Ripping people off makes them angry

August 21, 2009

When will companies learn that ripping customers off is not a viable long-term business strategy?

For instance, a bunch of cell phone companies have a little-known “must give 30-days notice” policy written into their terms. So if you call and cancel your service today, you have to pay them another 30 days for absolutely nothing. Seriously. Check the fine print.

Meanwhile, banks keep adding random service fees that you never hear about until after they show up on your statement.

Instead of retaining customers with reliable service, they lock people in with long-term contracts and insane cancellation fees.

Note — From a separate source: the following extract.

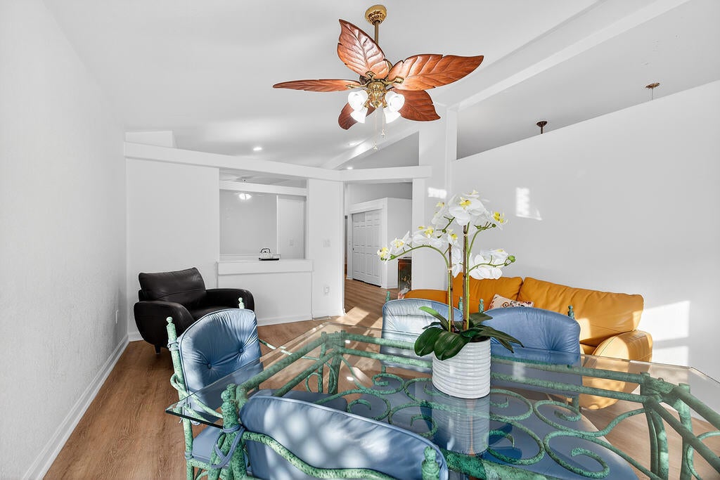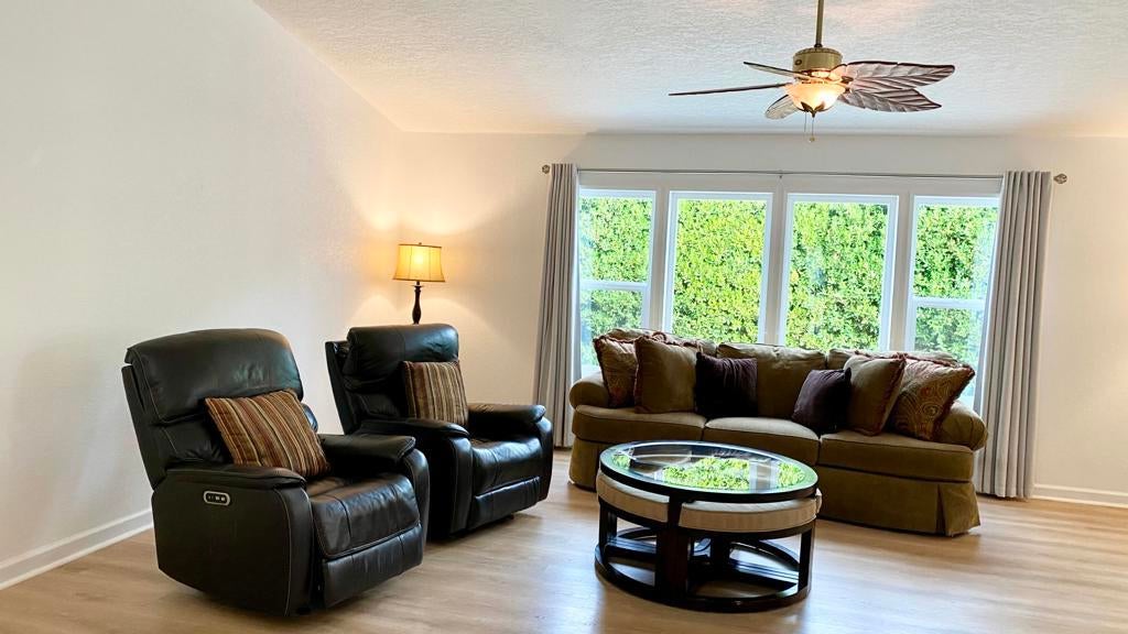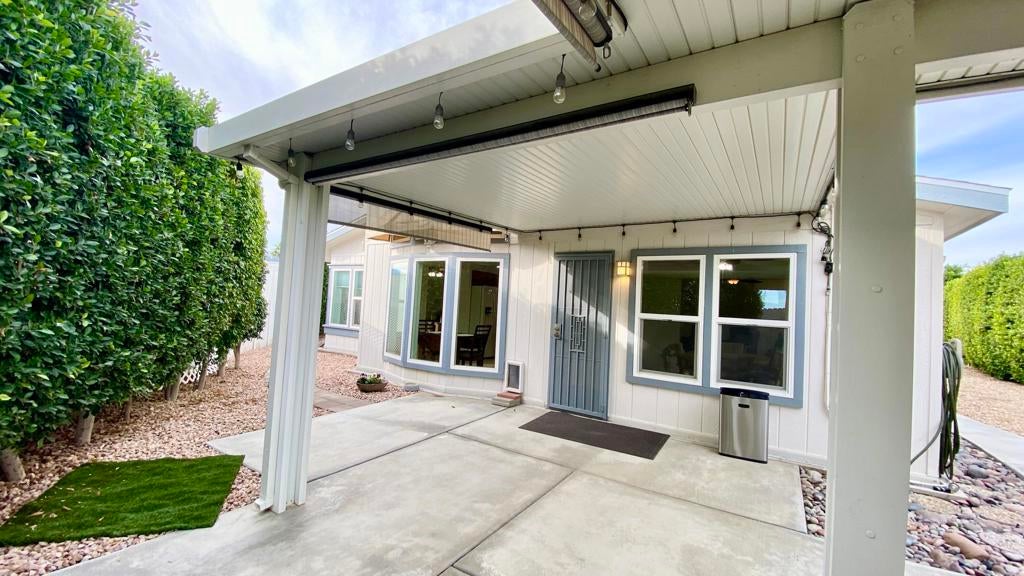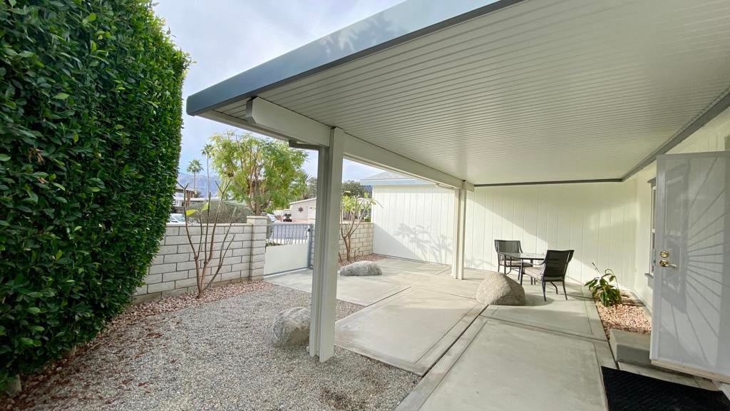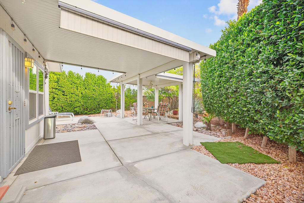 Don't miss seeing this rare 2536 sq ft home. Be sure & look up in every room to see the Architectural lines that separate the walls from the ceiling with special lighting, Main bedroom has an adjoining open office with built in desk, bookcases & cabinets. As you enter the home, there are two spacious rooms that could be used as sun/game room or could be closed off & made into another bedroom or office. Ceiling Fans throughout. You then walk into a wide open great room looking out at fully grown ficus trees that span the length of the home. Kitchen has plenty of counter space with many cabinets & also an island in the middle Covered back patios enjoy a pretty landscaped area. Front covered patio allows you to enjoy a view of the mountains. Two car finished garage features built in cabinets on all three walls, coated floor, work bench, sink & portable evaporator cooler. Driveway can accommodate up to 3 cars & area for golf cart. Very nice attached outdoor shed for misc items. Bonus: If you have a RV, there is a special electrical outlet & sewer access. Be sure & preview this spacious home. You will be very Impressed. Located at the end of the of a cul de sac. Three ton condenser & coil installed in Dec 2025. Roof replaced 2023 Vinyl plank flooring installed 2021 SunRun Solar leased & available for transfer..You Own the Land at Palm Desert Greens. Home is on permanent foundation for easy financing. Furniture available outside of escrow. HOA fee $400 includes 24 hr guard gated community, 18 hole golf course, restaurant, lounge, pools, hot tubs, bocci ball, indoor shuffleboard, pickleball and more.55+ community

These companies dream up 15-page “terms of service” agreements specifically designed to trap folks into craftily-worded contracts, pay hidden fees, and provide no recourse when they fail to provide the product or service they’re supposed to.

Executives plot ripoff schemes and scams, then let their accountants loose to cook the books, spreading the money across a thousand shell corporations so they don’t have to pay any tax. They need that money to bribe government officials and regulators instead.

Lately though, I think people are starting to wise up to this abuse, and there’s going to be a backlash.

Scammers beware: Angry mobs (even “virtual” ones) can be pretty destructive to the bottom line.

If you’re in one of these businesses, you may want to get back to the whole “providing a reliable service for a fair price” bit instead of trying pick every last cent out of your customers’ back pockets.